GewoonJaap / WinWhisper

Create subtitles with ease, using Whisper AI for Windows
39 stars 7 forks source link

"Stream was too long" while processing video files larger than 2 GB #25

Open JohnstonJ opened 1 month ago

JohnstonJ commented 1 month ago

Describe the bug Attempting to process a large video immediately results in a crash: "IOException: Stream was too long".

To Reproduce Steps to reproduce the behavior:

  1. Process a large video file. Larger than 2 GB should be enough to trigger it.

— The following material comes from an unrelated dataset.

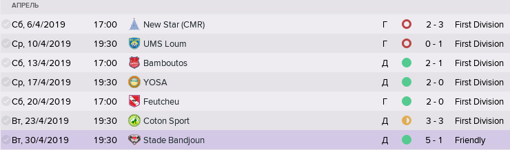 Призовые за топ-10 здесь, в целом, неплохие, но уж очень выделяются призовые чемпиону - почти 2,5 миллиона и всем остальным - от 11000 для 10-го места до 153000 для 2-го места. Это просто нереальный отрыв по деньгам. С другой стороны, есть за что бороться, есть мотивация. Понятно,  что местным топ-клубам проще - у них есть все ресурсы для достижения этого успеха, а вот клубам попроще - кому как повезёт. Взять, хотя бы, прошлый сезон: разрыв между 1 и 10 местами составил, в итоге, 21 очко - много, но, в целом, нормально. А между 10 и 18 - 56 очков, т.е. почти в 3 (!) раза больше. При этом, ставший последним Stade Renard de Melong (ИРЛ, между прочим, победитель Кубка и Суперкубка страны 2019 года) с треском проиграл все 34 игры с разницей голов 4-96, не набрав ни одного очка. Я впервые такое вижу в ФМ, если честно.

Expected behavior WinWhisper should process the video without crashing.

Screenshots

Welcome to WinWhisper (1.3.2.0). Generate subtitles with ease using WhisperAI.
Enter the path where you want the subtitles to be saved...
Leave empty to save the subtitles in the ./Subtitles folder

Enter the video path or the folder path that contains the videos you want to process...
C:\Users\JOHNST~1\AppData\Local\Temp\mpout\Projects\myfile.mkv
In which language code (en,nl etc) is the audio for video: myfile.mkv? Leave empty to auto detect
en
Do you want to translate the subtitles to English? (yes/no) Default: no

Processing video: Johnston #4 - 2004 Forest Lake Academy, Big Bend.mkv
Extracting audio from video file located at: C:\Users\JOHNST~1\AppData\Local\Temp\mpout\Projects\myfile.mkv
This might take a while depending on the file size and drive speed...
An error occured. Please report the following on our GitHub page: https://github.com/GewoonJaap/WinWhisper/issues/new?assignees=&labels=&projects=&template=bug_report.md&title=
Error details:
========== Start Of Error ==========
Error name:
IOException
Error message:
Stream was too long.
Error stacktrace:
   at System.IO.MemoryStream.Write(Byte[] buffer, Int32 offset, Int32 count)
   at System.IO.Stream.CopyTo(Stream destination, Int32 bufferSize)
   at AudioExtractor.Extractor.ExtractAudioFromVideoFile(String videoFilePath)
   at Program.<>c__DisplayClass0_0.<<Main>b__1>d.MoveNext()
--- End of stack trace from previous location ---
   at Utility.LoopUtil.ForEachAsync[T](List`1 list, Func`2 func)
   at Program.Main(String[] args)
Error inner exception:

Error inner exception stacktrace:

========== End Of Error ==========
Press any key to exit...

Desktop (please complete the following information):

Additional context At https://github.com/GewoonJaap/WinWhisper/blob/5a77de230f93e5abab8b54e33f2a7dd0206ce895/AudioExtractor/Extractor.cs#L16C36-L16C48 it looks like you are copying the entire input file into a MemoryStream. MemoryStream has a documented limit of 2 GB, per https://learn.microsoft.com/en-us/dotnet/api/system.io.memorystream.setlength?view=net-8.0 - because that's the maximum length of an array in .NET.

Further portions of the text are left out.